▸ What is being asked
Every line of the material needs an exact copy, apart from the images.

▸ Given data

=== Begin Enclosure ===

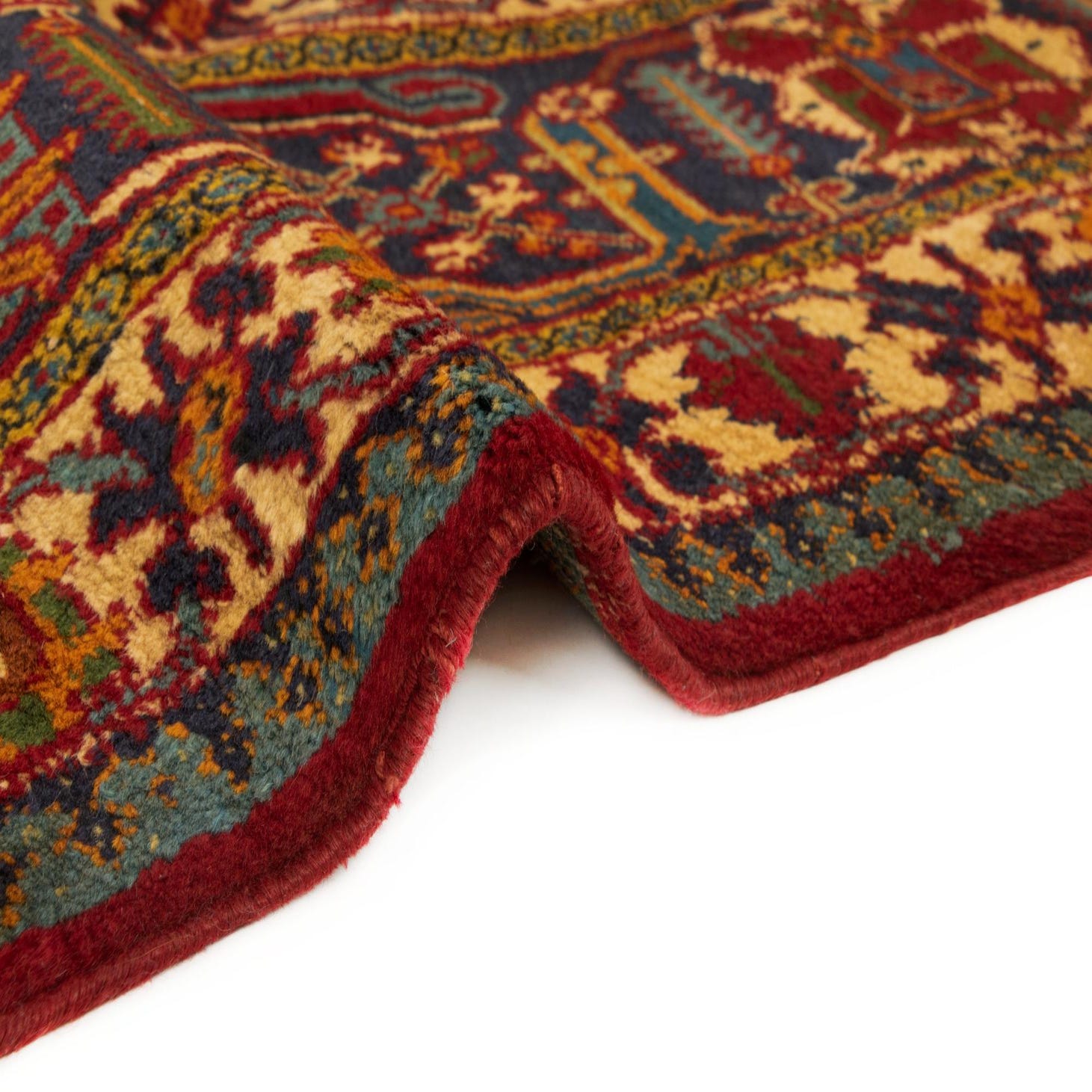 Primary color is Red. Colors in this rug include: Red, Red, Brown, Green, Black.
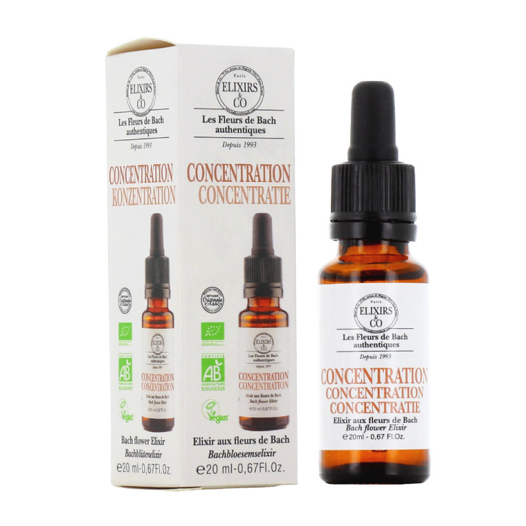 CONCENTRATION d’Elixirs & CO, des fleurs de Bach authentiques dans une préparation pour boisson à diluer dans votre parapharmacie en ligne à prix discount.
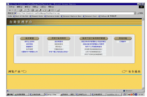 ebanswers分銷系統(tǒng)的一個重要特色就是自助管理平臺,用戶可以在這個平臺中完成絕大部分管理、查詢和統(tǒng)計的工作。自助管理平臺主要有四大部分組成:帳號管理、公司下訂單和庫存管理、帳號下訂單和庫存管理、其他功能。其中帳號管理主要是管理與公司和帳號有關的各類信息,公司下訂單和庫存管理、帳號下訂單和庫存管理這兩個部分主要是用來查詢和統(tǒng)計各項信息的。
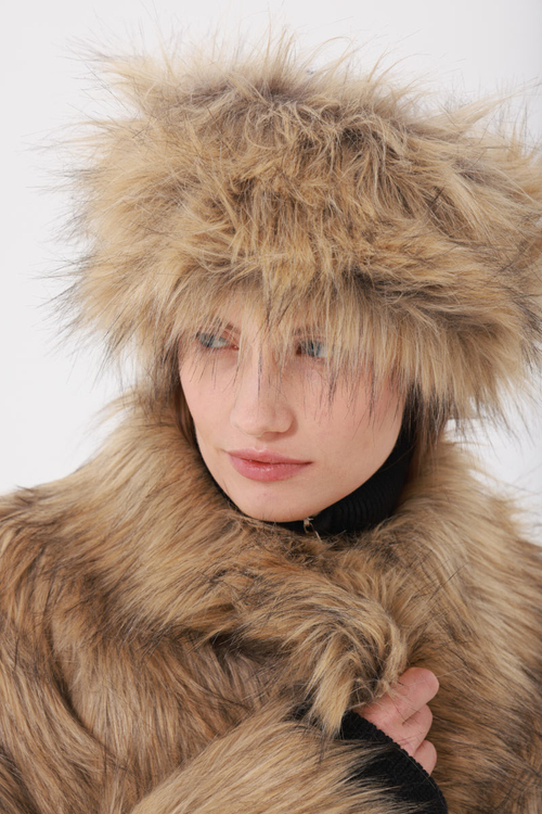 - Пальто из экомеха оверсайз длинное, волк

=== End Enclosure ===

▸ Exercise result
 Primary color is Red. Colors in this rug include: Red, Red, Brown, Green, Black.
 CONCENTRATION d’Elixirs & CO, des fleurs de Bach authentiques dans une préparation pour boisson à diluer dans votre parapharmacie en ligne à prix discount.
 ebanswers分銷系統(tǒng)的一個重要特色就是自助管理平臺,用戶可以在這個平臺中完成絕大部分管理、查詢和統(tǒng)計的工作。自助管理平臺主要有四大部分組成:帳號管理、公司下訂單和庫存管理、帳號下訂單和庫存管理、其他功能。其中帳號管理主要是管理與公司和帳號有關的各類信息,公司下訂單和庫存管理、帳號下訂單和庫存管理這兩個部分主要是用來查詢和統(tǒng)計各項信息的。
 - Пальто из экомеха оверсайз длинное, волк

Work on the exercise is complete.